Work request:
Return nothing but the lines from the one with "Kliche „ Publ. [ocr]" through the one with "河南文脉地图。对中国考古学诞" in the data below, word for word and without pictures.
*** Records for the task ***
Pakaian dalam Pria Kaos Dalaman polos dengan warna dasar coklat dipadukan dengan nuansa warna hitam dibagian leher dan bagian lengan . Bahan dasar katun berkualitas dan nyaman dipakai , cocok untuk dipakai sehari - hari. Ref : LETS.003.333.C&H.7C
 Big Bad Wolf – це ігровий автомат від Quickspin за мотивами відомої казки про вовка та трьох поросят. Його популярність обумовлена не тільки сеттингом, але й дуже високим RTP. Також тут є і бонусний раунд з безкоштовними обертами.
*** End of Records for the task ***
*** Records for the task ***
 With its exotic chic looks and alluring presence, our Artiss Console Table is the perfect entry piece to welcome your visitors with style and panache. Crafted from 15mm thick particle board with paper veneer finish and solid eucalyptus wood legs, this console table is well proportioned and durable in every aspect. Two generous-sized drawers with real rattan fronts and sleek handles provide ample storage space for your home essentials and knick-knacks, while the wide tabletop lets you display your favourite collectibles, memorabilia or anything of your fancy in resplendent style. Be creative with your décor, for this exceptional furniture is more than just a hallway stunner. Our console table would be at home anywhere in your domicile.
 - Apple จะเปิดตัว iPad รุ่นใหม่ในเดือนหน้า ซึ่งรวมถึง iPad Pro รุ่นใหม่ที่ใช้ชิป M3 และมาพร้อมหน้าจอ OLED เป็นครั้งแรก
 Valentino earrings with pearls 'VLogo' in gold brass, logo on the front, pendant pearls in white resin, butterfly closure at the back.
*** End of Records for the task ***
*** Records for the task ***
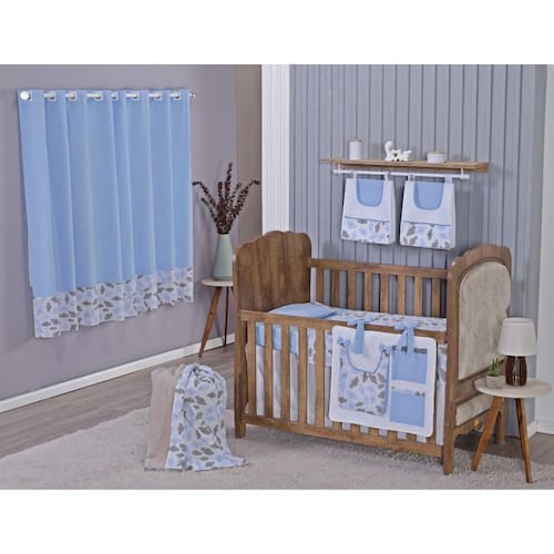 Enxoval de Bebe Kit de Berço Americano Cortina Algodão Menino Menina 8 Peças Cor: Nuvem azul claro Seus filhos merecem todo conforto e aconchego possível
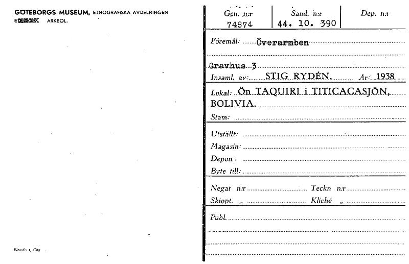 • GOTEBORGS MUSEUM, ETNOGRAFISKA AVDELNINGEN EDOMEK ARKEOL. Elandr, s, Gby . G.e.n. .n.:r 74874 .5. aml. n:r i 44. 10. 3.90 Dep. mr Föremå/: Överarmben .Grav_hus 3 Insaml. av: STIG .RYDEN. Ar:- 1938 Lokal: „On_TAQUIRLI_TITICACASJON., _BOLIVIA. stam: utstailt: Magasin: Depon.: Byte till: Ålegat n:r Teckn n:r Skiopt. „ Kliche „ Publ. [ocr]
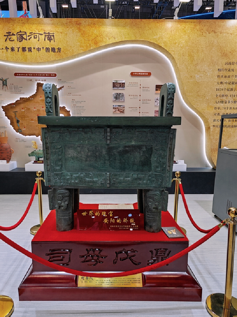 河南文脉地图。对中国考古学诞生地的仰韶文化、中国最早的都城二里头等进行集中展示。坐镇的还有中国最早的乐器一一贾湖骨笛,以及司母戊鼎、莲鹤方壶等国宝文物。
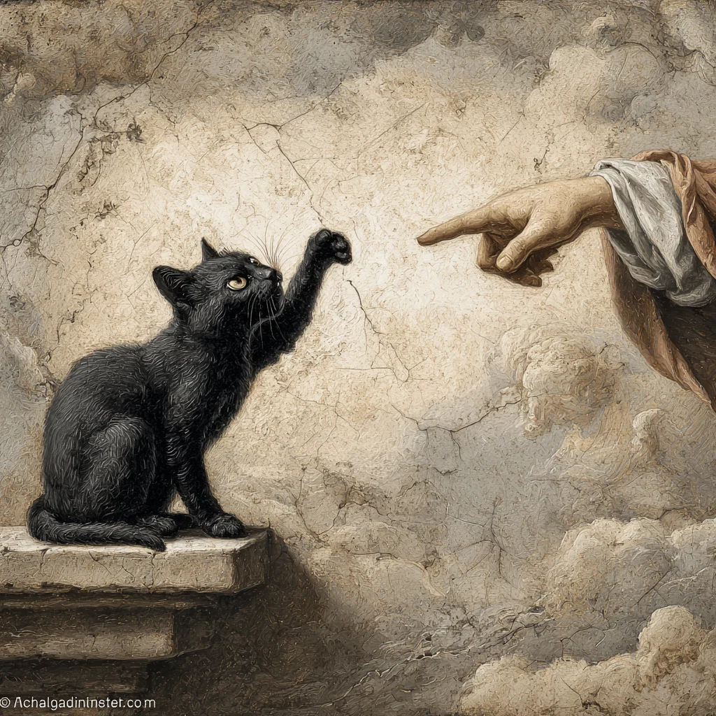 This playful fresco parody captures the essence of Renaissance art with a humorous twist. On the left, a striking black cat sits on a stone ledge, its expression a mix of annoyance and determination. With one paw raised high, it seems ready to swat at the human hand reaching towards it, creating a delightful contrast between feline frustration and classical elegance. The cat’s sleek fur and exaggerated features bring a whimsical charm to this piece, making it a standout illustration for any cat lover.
*** End of Records for the task ***
Response to the task:
 • GOTEBORGS MUSEUM, ETNOGRAFISKA AVDELNINGEN EDOMEK ARKEOL. Elandr, s, Gby . G.e.n. .n.:r 74874 .5. aml. n:r i 44. 10. 3.90 Dep. mr Föremå/: Överarmben .Grav_hus 3 Insaml. av: STIG .RYDEN. Ar:- 1938 Lokal: „On_TAQUIRLI_TITICACASJON., _BOLIVIA. stam: utstailt: Magasin: Depon.: Byte till: Ålegat n:r Teckn n:r Skiopt. „ Kliche „ Publ. [ocr]
 河南文脉地图。对中国考古学诞生地的仰韶文化、中国最早的都城二里头等进行集中展示。坐镇的还有中国最早的乐器一一贾湖骨笛,以及司母戊鼎、莲鹤方壶等国宝文物。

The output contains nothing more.